The AGS market continues to exhibit a diversity of investor types (with a wide geographic spread) and has retained strong ‘price making’ competition amongst a number of (intermediary) banks. The proportion of outstanding AGS owned by non‑resident investors appears to have peaked several years ago and the number of new central banks and sovereign wealth funds entering the market has diminished markedly. Domestic and non‑resident investor interest in ‘long’ and ‘very long’ dated maturities continued to emerge though 2014‑15 and this assisted in achieving a ‘long‑end’ issuance bias.

For Treasury Indexed Bonds, gross issuance for the year totalled approximately $4 billion. No new maturities were established during the year, but a programme of regular bi‑monthly competitive tenders was completed as planned. The Treasury Indexed Bond market for AGS continued to be dominated by domestic investor interest.

Once again the AOFM continued its programme of regular engagement with the market (both domestically and internationally). It also maintained its established practice of taking account of prevailing market conditions and feedback from financial market contacts about investor demand when selecting the bond lines to issue each week.

Portfolio management and outcomes

Throughout 2014‑15 the AOFM continued with its aim of increasing the average term to maturity (and duration) of the debt portfolio.

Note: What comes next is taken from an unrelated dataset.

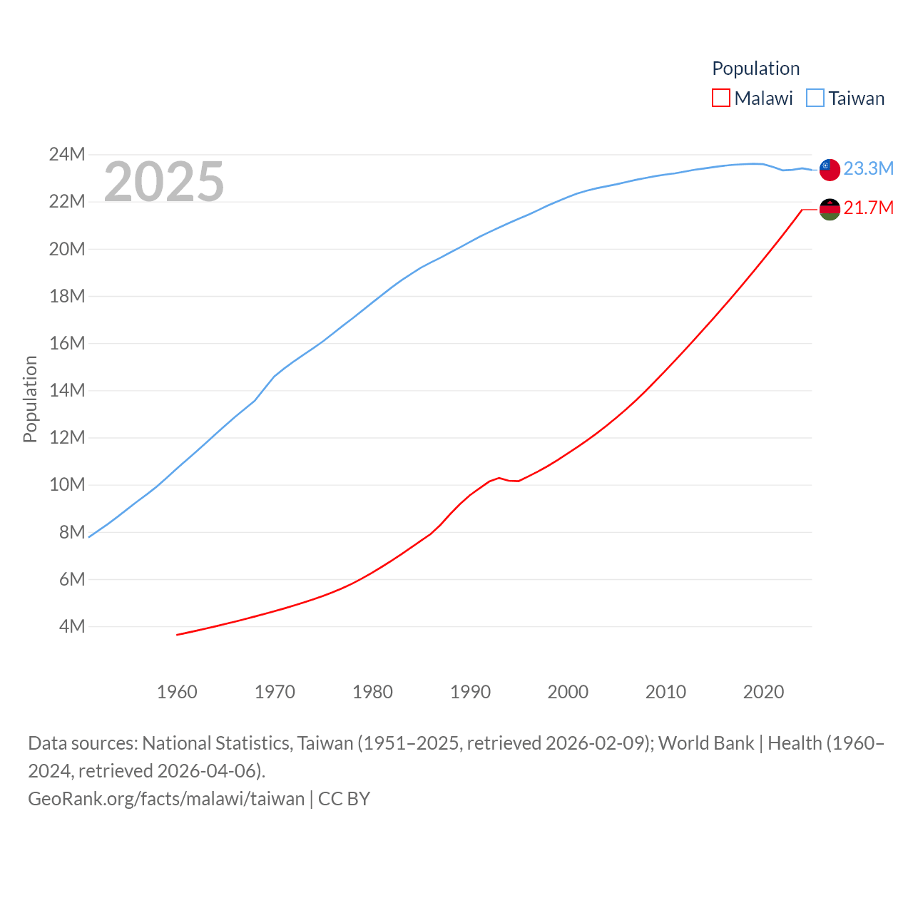 Malawi has a population of 21.7M (ranked 62/197), compared with 23.3M in Taiwan (ranked 60/197). Malawi's land area is 36,402 sq mi versus 13,976 sq mi for Taiwan (ranked 107th vs. 133rd).
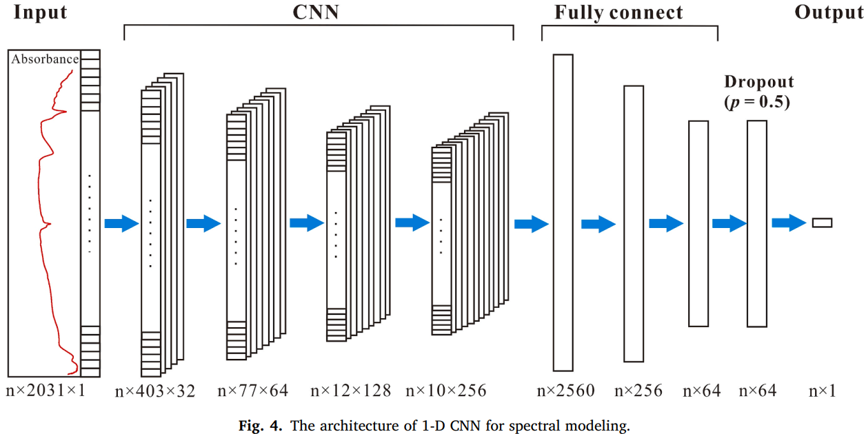 图 4 用于光谱建模的一维 CNN 架构(Fig. 4. The architecture of 1-D CNN for spectral modeling.)

The weighted average term to maturity of the stock of Treasury Bonds outstanding at the end of the year was 6.5 years, which has been increasing steadily from around 4.8 years at the end of 2009‑10.

Once again, sufficient periods of favourable market conditions and steadily growing interest by investors for longer dated AGS combined to allow for the overall portfolio objective to be further progressed. As noted above, this reduces the exposure of the Government to volatility in interest rates (and more specifically delays the impact on debt servicing costs of a future prolonged increase in the cost of borrowing). The issuance of Treasury Bonds with relatively long terms to maturity in a historically low interest rate environment remains a cost‑effective means of achieving this aim. As an example, issuing $1 billion in 20‑year bonds in a particular year avoids the need to issue and re‑issue $4 billion in five‑year bonds over the same period.

Residential mortgage‑backed securities

Although the AOFM has ceased investment in new residential mortgage-backed securities (RMBS), it continues to manage the existing portfolio to maturity.

In May 2015 the Treasurer issued a Direction that instructed the AOFM to commence a regular programme of divestment of the remaining RMBS portfolio. A programme of monthly competitive auctions was developed and commenced in late June 2015. The rate at which the divestment programme can be achieved will be dependent on a number of factors. One noticeable factor is investor demand for RMBS via the secondary market as compared with new primary market issuance as it becomes available. Another influencing factor will be credit market conditions generally, which will have an impact on the prices investors are willing to pay for RMBS notes offered at the regular auctions.

Looking ahead

The AOFM remains mindful of the need to consider further AGS market developments. While driven in large part by portfolio management objectives, these considerations will also be influenced by a number of related factors and will cover options for further yield curve extensions and the establishment of new maturities (issuance points) within the existing yield curve structures. Issuing new maturities in support of the three‑year and 10‑year futures market contracts remains a priority, as is further consolidation of a 20‑year benchmark. The establishment of a 20‑year futures contract by the ASX is an important market development which the AOFM views as complementary to its ‘long’ strategic issuance bias. The AOFM will also continue to monitor liquidity and how that may be affected by the outstanding size of individual bond lines; the structure of the market; and further regulatory developments that may impact sovereign bond market liquidity.